In March 2023, GPT-4 boasted an impressive prime number problem-solving accuracy rate of 97.6%. However, in its recent update in June 2023, this rate drastically plummeted to a mere 2.4%. Users have been voicing concerns about OpenAI’s chatbots’ declining performance, and a recent report from Stanford University and the University of California, Berkeley, confirms these worries.
The report analyzed GPT3.5 and GPT-4’s responses in various areas, including math, problem-solving, and code generation, over four months from March to June 2023. During this period, GPT-4’s prime number problem-solving accuracy suffered a significant decline from 97.6% to 2.4%. On the other hand, ChatGPT 3.5 showed improvement in its arithmetical skills, increasing its accuracy from 7.4% to 86.8% in prime-number problem-solving.
Both GPT3.5 and GPT-4 were renowned for their ability to generate code, but their performance in this area also deteriorated over time. In March, GPT-4 could provide accurate, ready-to-run scripts over 50% of the time, while ChatGPT 3.5 managed this around 22%. However, by June, their accuracy rates in generating ready-to-run scripts plummeted to 10% and 2%, respectively.
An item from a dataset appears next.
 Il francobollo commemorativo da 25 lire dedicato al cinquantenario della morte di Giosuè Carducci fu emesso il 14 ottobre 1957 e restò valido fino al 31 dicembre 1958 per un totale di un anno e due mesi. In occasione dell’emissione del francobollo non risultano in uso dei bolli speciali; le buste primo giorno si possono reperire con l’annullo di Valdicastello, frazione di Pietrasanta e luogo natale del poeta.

The exact cause behind these changes in the chatbots’ responses remains unclear due to the opacity of these models. Researcher James Zhu suggests that improvements in some domains may inadvertently lead to negative effects on other tasks.
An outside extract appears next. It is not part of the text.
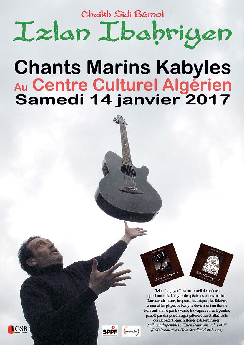 Sidi Bémol et les Chants Marins Kabyles accosteront au Centre Culturel Algérien le samedi 14 janvier 2017 à 20h30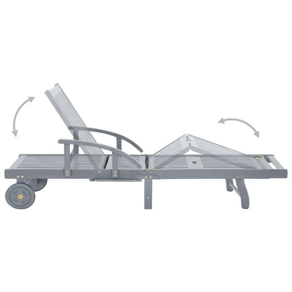 Relax in style with this outdoor sun lounger crafted from solid acacia wood in a sleek gray finish. Its slatted design enhances airflow, keeping you cool and comfortable. The lounger features an adjustable backrest for personalized reclining positions. A side pull-out tray provides a handy spot for drinks or essentials, with built-in wheels for easy mobility and a foldable frame for storage.

OpenAI responded to the report, denying claims of intentionally making GPT-4 less intelligent. According to VP of Product Peter Welinder, each new version is meant to be smarter than its predecessor. He attributes the issues to the heavy usage of the models, which brings attention to previously unnoticed problems.
As the debate continues, the performance of these chatbots remains a topic of concern for users and researchers alike, urging OpenAI to address and resolve the reported decline in accuracy.